Recorded data:
====

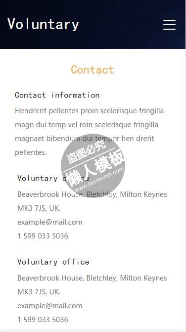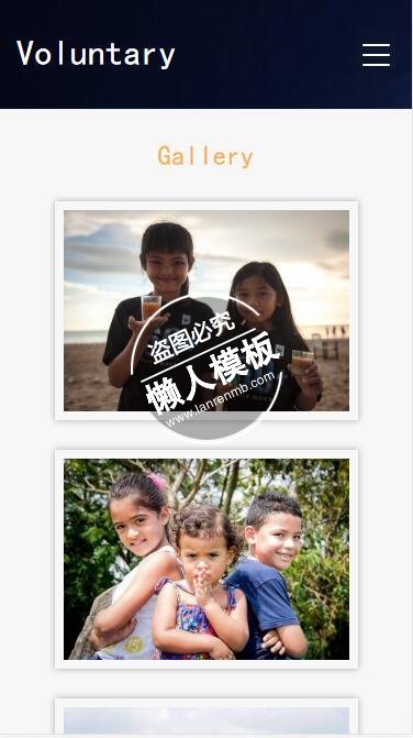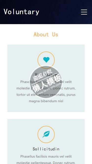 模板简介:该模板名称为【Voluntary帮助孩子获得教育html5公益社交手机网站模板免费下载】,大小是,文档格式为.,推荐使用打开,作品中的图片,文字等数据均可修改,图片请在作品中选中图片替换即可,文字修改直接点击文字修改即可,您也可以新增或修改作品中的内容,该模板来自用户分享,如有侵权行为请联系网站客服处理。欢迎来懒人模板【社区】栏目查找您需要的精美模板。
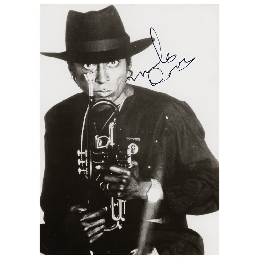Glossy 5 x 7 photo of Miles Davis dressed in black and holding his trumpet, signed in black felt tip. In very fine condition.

====

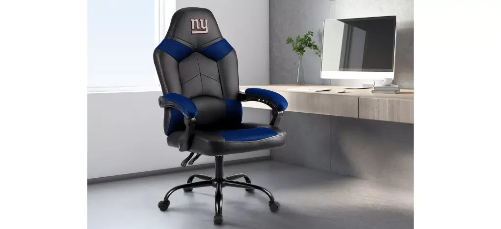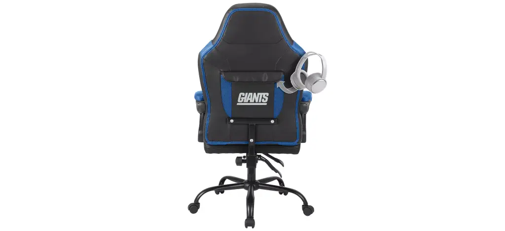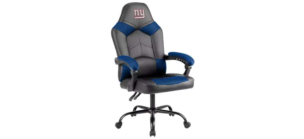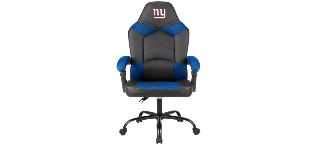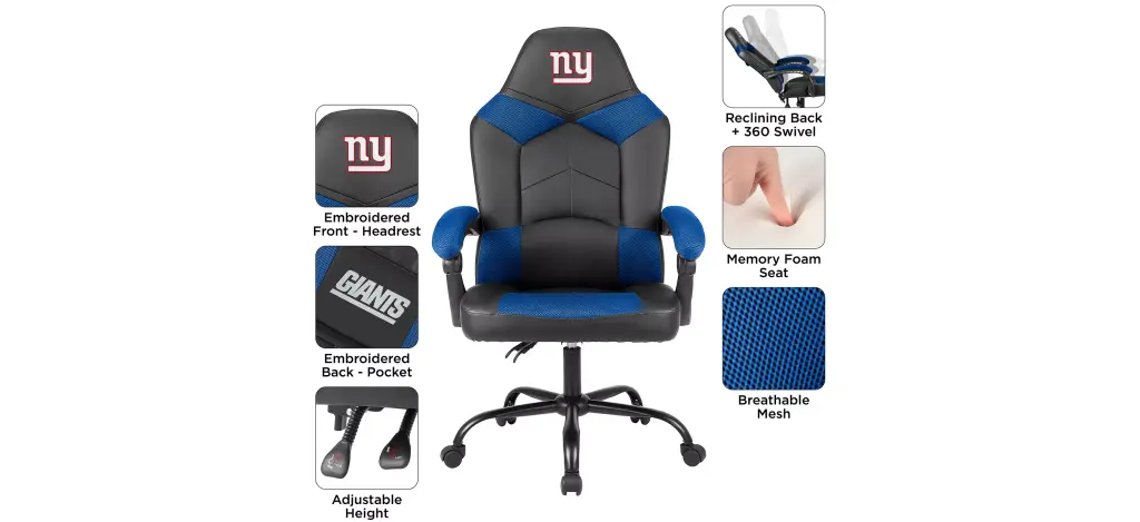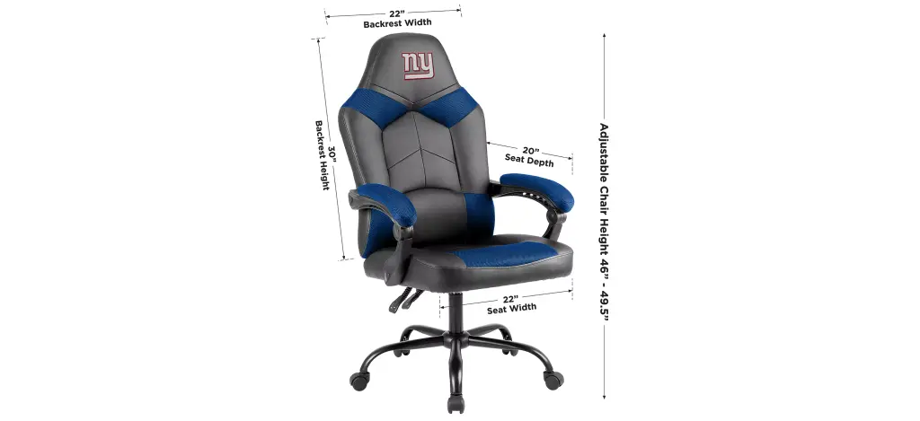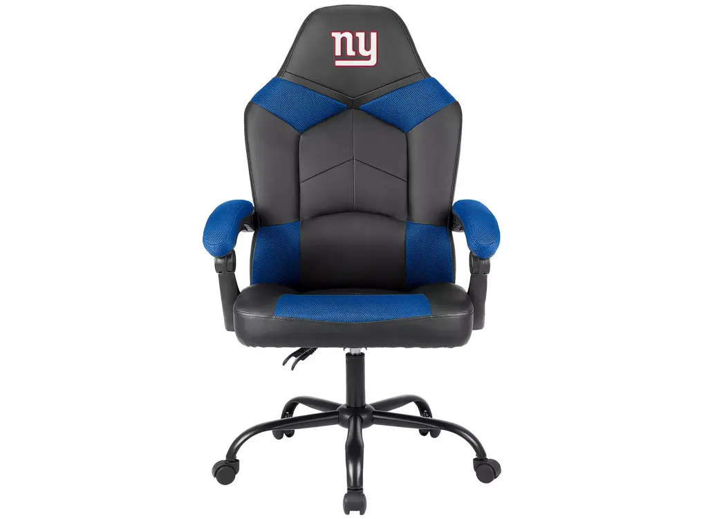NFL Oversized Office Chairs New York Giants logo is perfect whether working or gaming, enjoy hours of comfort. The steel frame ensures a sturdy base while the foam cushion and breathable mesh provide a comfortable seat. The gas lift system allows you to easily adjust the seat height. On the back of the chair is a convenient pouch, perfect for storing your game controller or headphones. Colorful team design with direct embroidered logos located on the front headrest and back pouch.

====

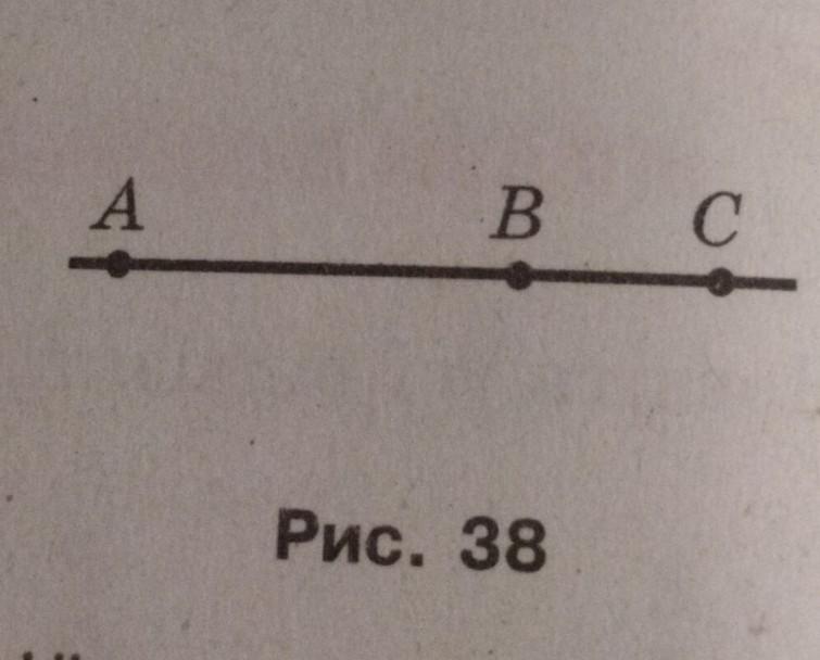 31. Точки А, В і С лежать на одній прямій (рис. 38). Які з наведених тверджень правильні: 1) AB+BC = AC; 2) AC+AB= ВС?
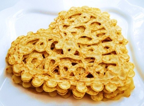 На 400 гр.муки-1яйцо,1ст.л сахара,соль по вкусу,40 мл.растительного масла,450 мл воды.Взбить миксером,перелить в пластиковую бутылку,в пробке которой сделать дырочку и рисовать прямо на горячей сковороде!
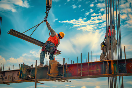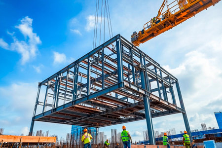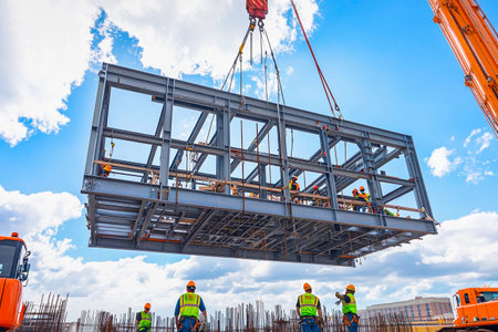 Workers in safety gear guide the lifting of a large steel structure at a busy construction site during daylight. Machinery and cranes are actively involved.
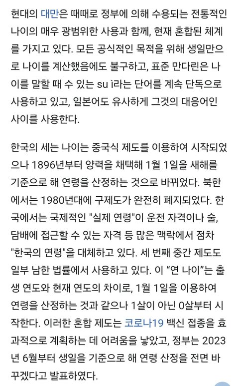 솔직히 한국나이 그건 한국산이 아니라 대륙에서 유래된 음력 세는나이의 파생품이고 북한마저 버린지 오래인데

====

Problem description:
I'd like the lines above repeated exactly, from the one that contains "Workers in safety" through the one that contains "솔직히 한국나이 그건", with no pictures.

Answer to the exercise:
 Workers in safety gear guide the lifting of a large steel structure at a busy construction site during daylight. Machinery and cranes are actively involved.
 솔직히 한국나이 그건 한국산이 아니라 대륙에서 유래된 음력 세는나이의 파생품이고 북한마저 버린지 오래인데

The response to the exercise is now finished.